To this end, defendant has produced an affidavit, as noted above, which provides details of the marriage between plaintiff and Klements and the fact that they were defendant’s only regular employees. Plaintiff does not dispute that the Court may consider this affidavit, nor does he dispute the accuracy of the facts alleged therein. The sole case which plaintiff cites in support of his argument that the Court should not now adjudicate this question is distinguishable on its face. See Duby v. Shirley May’s Place, LLC, Case No. 16-11443, 2017 WL 1021062, at *3-4 (E.D. Mich. Mar. 16, 2017).
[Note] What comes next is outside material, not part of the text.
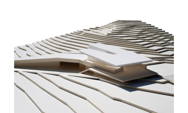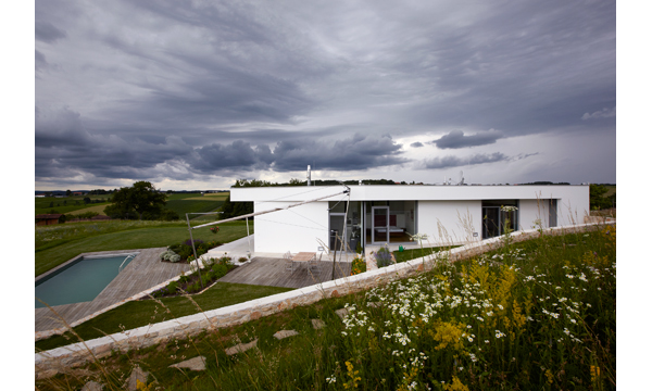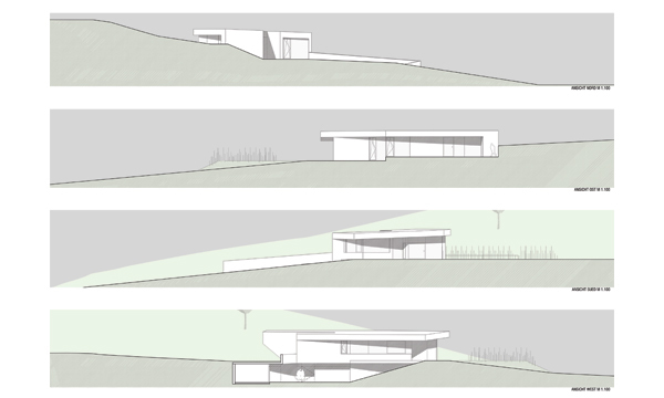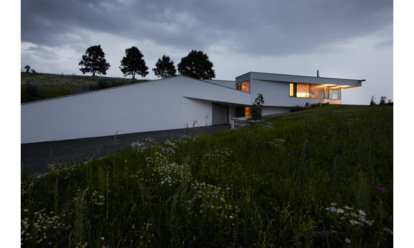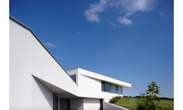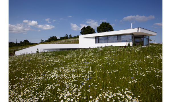 Der Baukörper ist im unteren Geschoß (Eingangsebene) nahezu vollständig ins Gelände eingebettet und nur im Eingangsbereich als Vollgeschoß wahrnehmbar. Freiliegende Dachflächen im Bereich der Garagenzufahrt sind als Gründächer ausgeführt. Eine nach Westen hin leicht geneigte Dachfläche greift die Neigung der Hangsituation auf, schafft eine moderate Höhenentwicklung und zugleich eine variierende Raumhöhe im Innenbereich.

There, the court treated the motion to dismiss strictly under Rule 12(b)(6) and declined to consider an affidavit

concerning the parties’ familial relationship. Id. (“As stated above, the Court declines to rely upon any matter outside the pleadings or resolve any questions of fact at this time, and limits the scope of analysis here to Rule 12(b)(6).”). Similarly, cases in which courts decline to determine the applicability of FLSA exemptions at the pleading stage often turn on disputed facts that require discovery. See, e.g., Casares v. Henry Limousine Ltd., No. 09 Civ. 458(NRB), 2009 WL 3398209, at **1-2 (S.D.N.Y. Oct. 21, 2009) (noting that “it is clear that the disputed facts involve matters material to the exemptions asserted by defendants . . ., such that the determination of whether defendants have established that these exemptions apply should

await further discovery and briefing on summary judgment”). Here, the Court is faced with a proper Rule 12(b)(1) motion, and the evidence introduced by defendant regarding the applicability of the exemption in question is not disputed. Therefore, the Court will proceed to that analysis. B. The “Mom and Pop” Exception to FLSA Coverage The FLSA’s requirements for minimum wage and overtime pay apply, as relevant here, to individuals employed by “an enterprise engaged in commerce or in the production of goods for commerce.” 29 U.S.C. §§ 206(a), 207(a). However, the statute exempts from the definition of such enterprise “[a]ny establishment that has as its only regular

employees the owner thereof or the parent, spouse, child or other member of the immediate family of such owner.” 29 U.S.C. § 203(s)(2). There is no doubt that this exemption applies to the period when plaintiff and Jamie Klements were married, and plaintiff concedes as much. (Doc. 7 at 3). The question then becomes whether the period from May 2017 to October 2017 when the parties were not married falls under the “mom and pop” exception. An interpretive regulation states: The term “other member of the immediate family of such owner” is considered to include relationships such as brother, sister, grandchildren, grandparents, and in-laws but not distant relatives from separate households. The 1966 amendments extended the exception to include family operated establishments which only employ persons other than members of the immediate family infrequently, irregularly, and sporadically.

29 C.F.R. § 779.234.

While this interpretation is not binding on the Court, it may be given weight. See Red Lion Broad. Co. v.